Für den ambivalent gezeichneten Ich-Erzähler dreht sich alles um Selbstbehauptung bzw. die Verteidigung seiner Vorrangstellung in der Gruppe. Daraus entwickeln sich Fragen nach Loyalität, Freundschaft, Solidarität und ob es etwas gibt, das mehr zählt als Sieger zu sein. Gestreift werden dabei familiäre und soziale Probleme. Nottingham sucht vor seinem gewalttätigen Vater Zuflucht bei Verwandten; Hillys alleinerziehende Mutter hat einen schlecht bezahlten Job, sein arbeitsloser Bruder ein Alkoholproblem; die Mutter von Hillys bester Freundin ist krank und Mia hat schlechte Noten.
„Klettern“ ist ein reizvolles, relativ unverbrauchtes Bild für das allgemeine Streben nach Erfolg, Anerkennung und Ruhm. Gleichzeitig eröffnet es eine authentische Sphäre der Jugendlichen mit Riten, eigenem Kodex und Vokabular. So zählt z. B. ein Fuß am Boden bereits als Fallen und der/die Erstbesteiger*in darf einem Baum einen Namen geben.

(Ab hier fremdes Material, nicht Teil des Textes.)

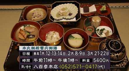 本丸御殿の完成を記念して再現された、この「饗応御膳」。来年1月から期間限定で提供されるということで、皆さんも、お殿さまの気分を楽しんでみてはいかがでしょうか。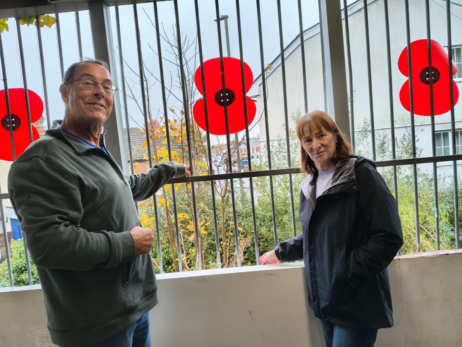 Councillors Richard Lucas and Carla Morson on the steps of Ash Vale Station, pointing out the route of the overflow sluice before the water goes into a culvert under the pedestrian crossing on Vale Road. There it joins the main surface water sewer running under Station Road East.

Hilly erzählt rückblickend in 22 kurzen Kapiteln und sechs gut strukturierten Teilen, welche originell und Neugier weckend nach Kletterbäumen benannt sind. Formal ist das Buch durch das „Super lesbar“-Label der Gulliver-Reihe geprägt: knappe, einfache Sprache, altersgemäße Wortwahl, übersichtliches, lesefreundliches Layout. Damit ist die novellenartige Geschichte auch bestens für ungeübte Leser*innen geeignet. Da sie auf zugängliche Weise einen jugendlichen Mikrokosmos schildert, der Interesse weckt, Identifikations- und Distanzierungsmöglichkeiten anbietet und eine sogartige Spannung aufbaut, bietet sich Klettern als Klassenlektüre an. Gemeinsam könnte darüber diskutiert werden, unter welchen gesellschaftlichen und persönlichen Bedingungen die Geschichte anders hätte enden können.